EXERCISE DIRECTIONS ::
Repeat the lines from the one containing "Q: What kind" through the end of the listing exactly, both ends included. Do not carry over any pictures.

GIVEN MATERIAL ::
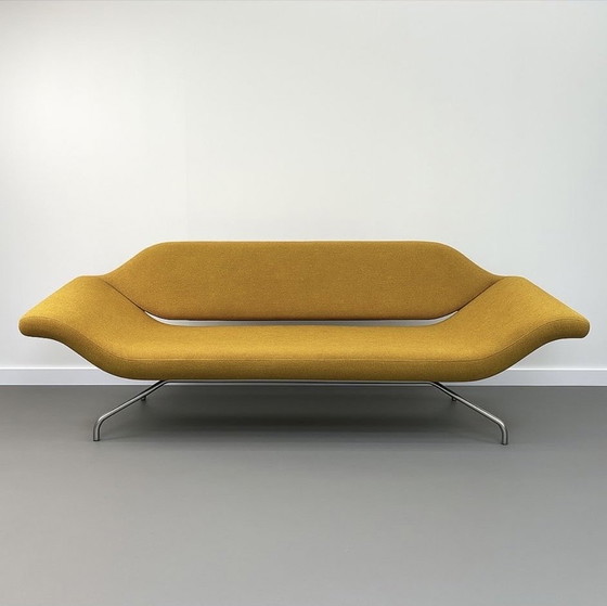 Le canapé Artifort Ondo est un canapé confortable composé d'une ligne fluide allant d'une main courante à l'autre. La forme du canapé semble être basée sur une bouche et des lèvres. La base mince et minimaliste donne l'impression que le dossier et l'assise flottent. La construction de haute qualité garantit un grand confort d'assise et une longue durée de vie. Les accoudoirs, le dossier et l'assise sont constitués d'une seule pièce de mousse moulée. Ce canapé attire tous les regards et convient parfaitement à l'aménagement d'un projet, d'un bureau ou d'une maison.
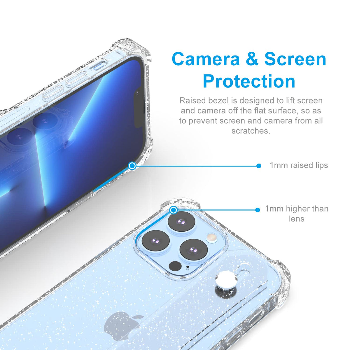 Q: What kind of protection does this case offer for my iPhone 13 Pro?A: This case features shock-absorbing air cushion corners and a raised bezel that lifts the screen and camera off flat surfaces, providing excellent protection against drops and scratches.
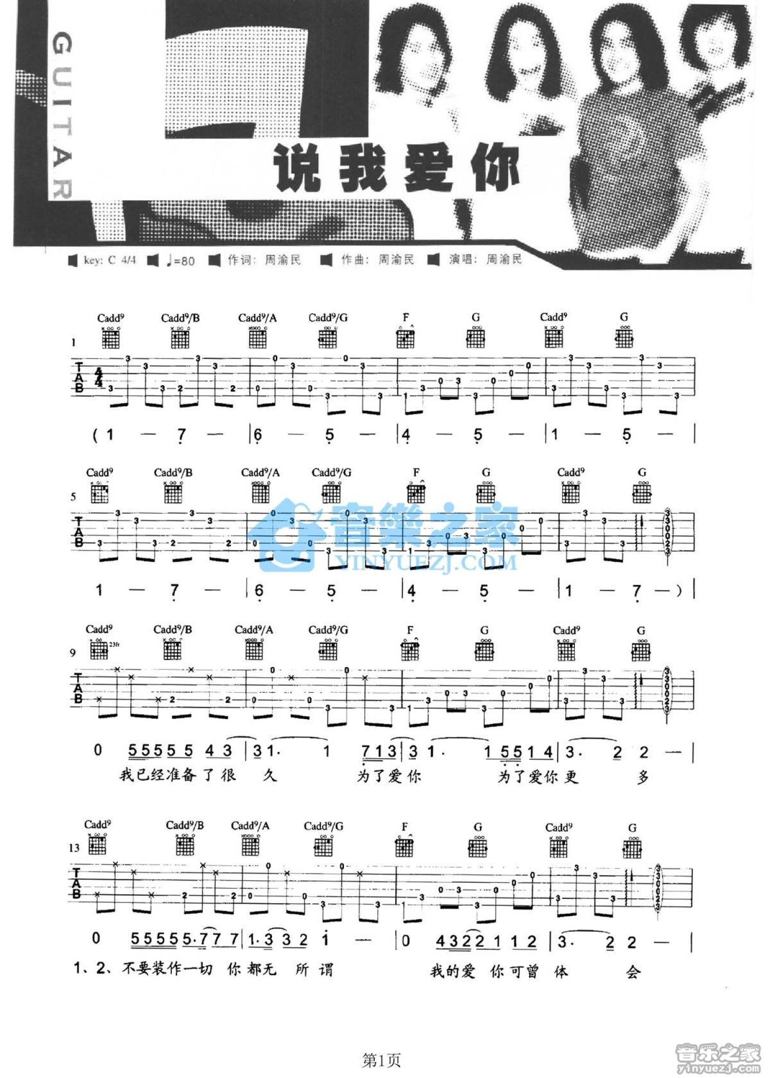曲谱介绍: C调版 周渝民《说我爱你》吉他弹唱六线谱
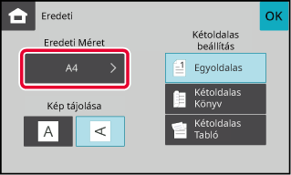 Az alapképernyőn ellenőrizze, hogy a megadott méret jelenik-e meg az [Eredeti] gombon.Az optimális lapolvasás érdekében az eredetitől

TASK ANSWER ::
 Q: What kind of protection does this case offer for my iPhone 13 Pro?A: This case features shock-absorbing air cushion corners and a raised bezel that lifts the screen and camera off flat surfaces, providing excellent protection against drops and scratches.
曲谱介绍: C调版 周渝民《说我爱你》吉他弹唱六线谱
 Az alapképernyőn ellenőrizze, hogy a megadott méret jelenik-e meg az [Eredeti] gombon.Az optimális lapolvasás érdekében az eredetitől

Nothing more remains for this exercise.